Aim of the task
Set down the whole listing below exactly, without pictures.

Records
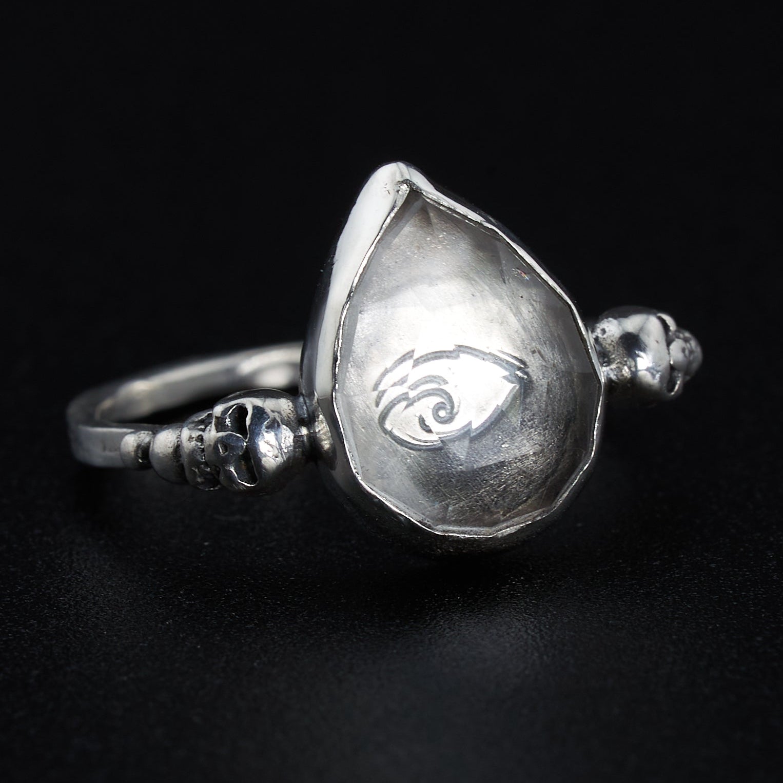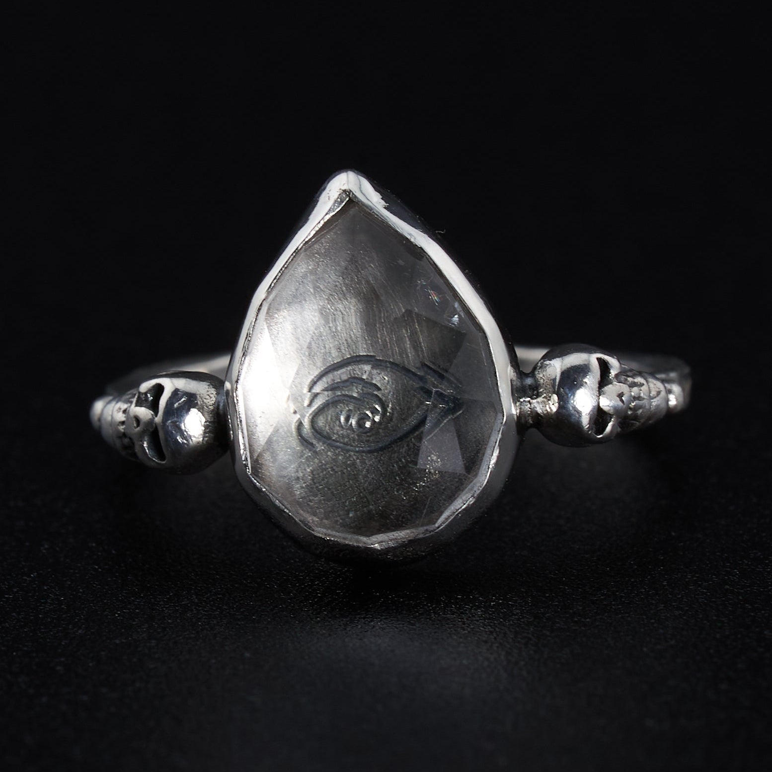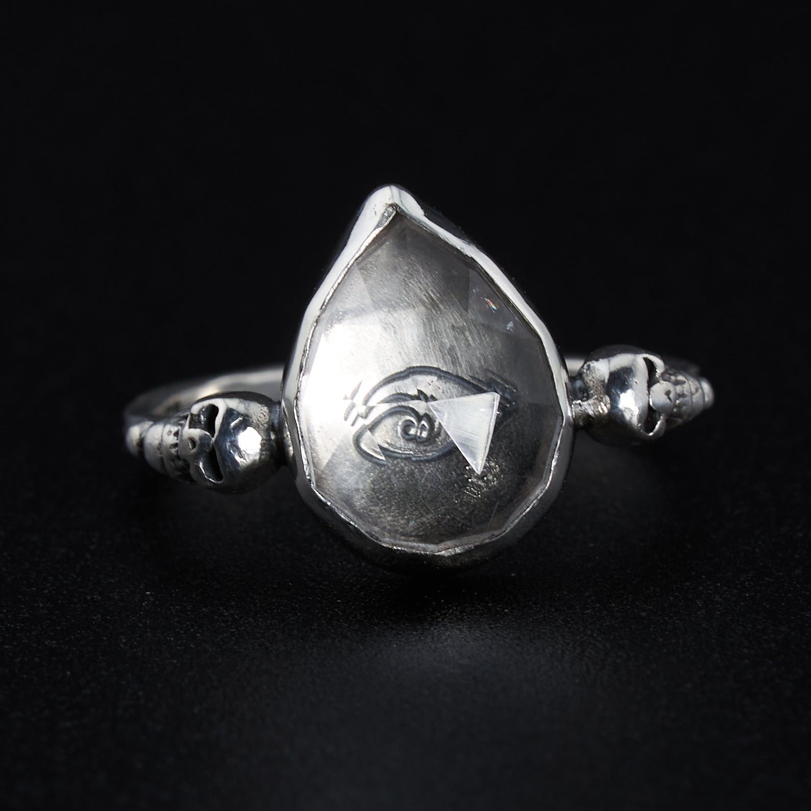 The Magic: A Clear Quartz heart refracts light into a hand-stamped eye, focusing your vision and sharpening inner sight. Skulls on the sides serve as a memento mori and protectors of your energy.
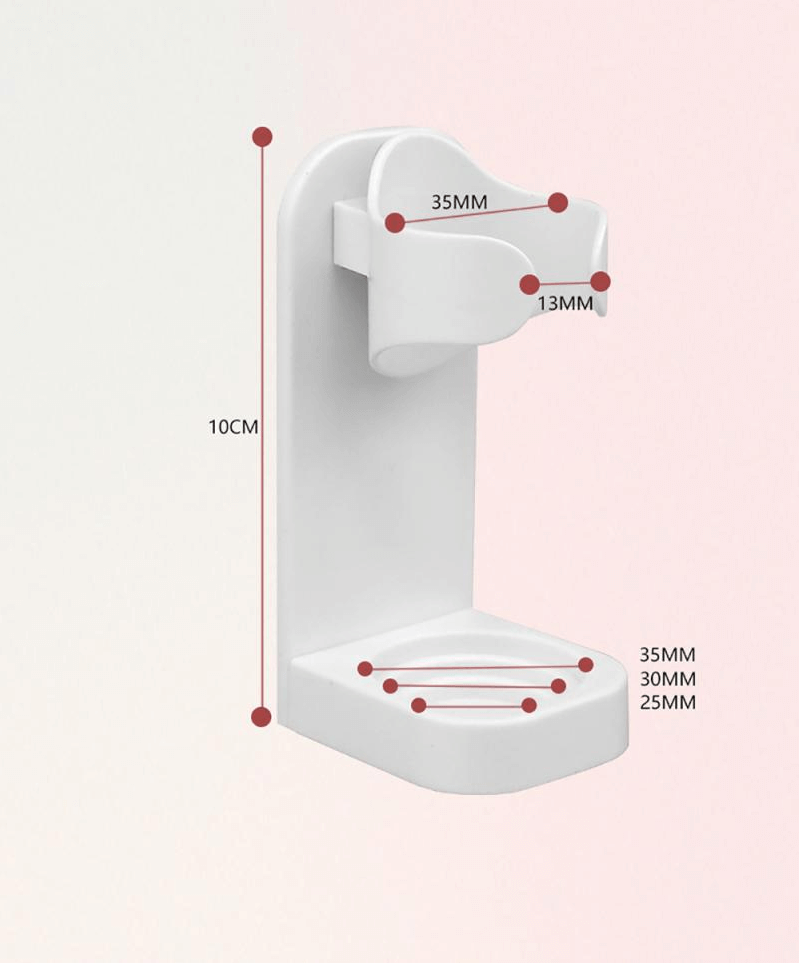 Může být připevněn na zeď pomocí lepicího materiálu, takže není potřeba vrtat. Lepidlo vydrží dlouhodobě a díky otevřenému dnu v něm nezůstane voda (doporučuje se umístit blíže k umyvadlu).
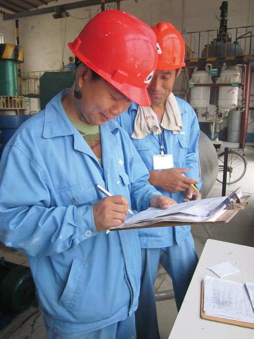 注重原材料控制,嚴把原料計量。在懸浮劑車間,什么原料存放在什么地點都是固定的,原料全部用標牌標注名稱,避免出現混料情況。由于一些員工不認秤不懂計量,就由車間倉庫保管員專門為領料員工計量過秤。保管員會嚴格按照配方含量要求計量,絕對不會出現錯料、少料、多料現象。幾年來,懸浮劑車間產品配方變化很小,但質量提升很大,完全得益于物料計量準確。以前出現過懸浮劑結塊質量不過關的現象,根本不是配方問題,而是由于計量不準確而打破了配方的配合比。對于剩余庫存,保管員在交接班時都要細細核查數量,并詳細填寫庫存清單。這樣可以及時發現發料問題,出現生產問題時還可以有效查詢。避免庫存不清,無法掌握發料投料情況。
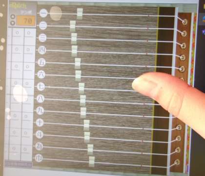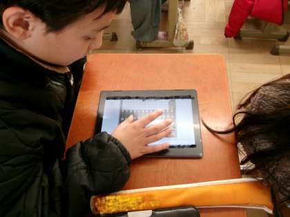 タブレットで箏の学習シミュレーター「KotoRatch」を使って学習をしていました。調弦(チューニング)もボタン一つでできて、便利だったそうです。
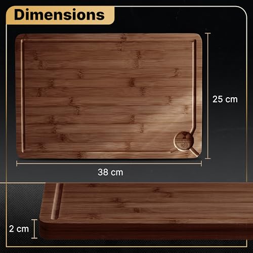What sets this chopping board apart is its eco-conscious construction. Made from carbonised bamboo, it not only boasts incredible strength and resistance to warping but also presents a beautiful finish that adds a touch of rustic charm to any kitchen. Plus, with its deep juice grooves, you can carve meats or slice loaves of bread without worrying about mess—keeping your kitchen tidy and your food preparation seamless.
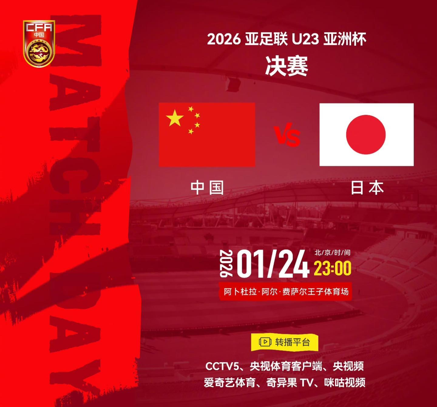 北京时间2026年1月24日消息。今天晚上11点,U23亚洲杯就将迎来决赛,中国队VS日本。目前已经知道,CCTV5直播,并且在网络平台上,詹俊老师也将解说本场比赛。最近半个月,对于中国球迷来说是开心和快乐的:1月8日,国足U23首战伊拉克,一场0-0但不是闷平,国足防守打的很坚韧,李昊的扑救很潇洒!随后,1月11日,国足1-0击败澳大利亚,中后卫彭啸的抽射...
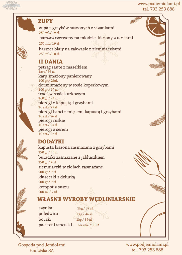 Oferujemy specjalnie przygotowane menu świąteczne, pełne tradycyjnych smaków.
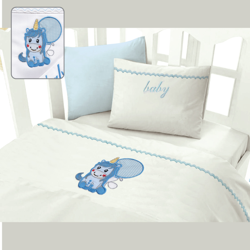 Isadore Lorraine Σετ Σεντόνια Βρεφικά με Κέντημα 120×160 Unicorn Blue
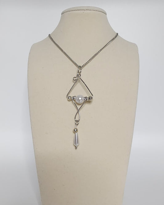 Geometric Pearl Pendant - Handmade Art Deco Inspired

Output for this exercise
 The Magic: A Clear Quartz heart refracts light into a hand-stamped eye, focusing your vision and sharpening inner sight. Skulls on the sides serve as a memento mori and protectors of your energy.
 Může být připevněn na zeď pomocí lepicího materiálu, takže není potřeba vrtat. Lepidlo vydrží dlouhodobě a díky otevřenému dnu v něm nezůstane voda (doporučuje se umístit blíže k umyvadlu).
 注重原材料控制,嚴把原料計量。在懸浮劑車間,什么原料存放在什么地點都是固定的,原料全部用標牌標注名稱,避免出現混料情況。由于一些員工不認秤不懂計量,就由車間倉庫保管員專門為領料員工計量過秤。保管員會嚴格按照配方含量要求計量,絕對不會出現錯料、少料、多料現象。幾年來,懸浮劑車間產品配方變化很小,但質量提升很大,完全得益于物料計量準確。以前出現過懸浮劑結塊質量不過關的現象,根本不是配方問題,而是由于計量不準確而打破了配方的配合比。對于剩余庫存,保管員在交接班時都要細細核查數量,并詳細填寫庫存清單。這樣可以及時發現發料問題,出現生產問題時還可以有效查詢。避免庫存不清,無法掌握發料投料情況。
 タブレットで箏の学習シミュレーター「KotoRatch」を使って学習をしていました。調弦(チューニング)もボタン一つでできて、便利だったそうです。
What sets this chopping board apart is its eco-conscious construction. Made from carbonised bamboo, it not only boasts incredible strength and resistance to warping but also presents a beautiful finish that adds a touch of rustic charm to any kitchen. Plus, with its deep juice grooves, you can carve meats or slice loaves of bread without worrying about mess—keeping your kitchen tidy and your food preparation seamless.
 北京时间2026年1月24日消息。今天晚上11点,U23亚洲杯就将迎来决赛,中国队VS日本。目前已经知道,CCTV5直播,并且在网络平台上,詹俊老师也将解说本场比赛。最近半个月,对于中国球迷来说是开心和快乐的:1月8日,国足U23首战伊拉克,一场0-0但不是闷平,国足防守打的很坚韧,李昊的扑救很潇洒!随后,1月11日,国足1-0击败澳大利亚,中后卫彭啸的抽射...
 Oferujemy specjalnie przygotowane menu świąteczne, pełne tradycyjnych smaków.
 Isadore Lorraine Σετ Σεντόνια Βρεφικά με Κέντημα 120×160 Unicorn Blue
 Geometric Pearl Pendant - Handmade Art Deco Inspired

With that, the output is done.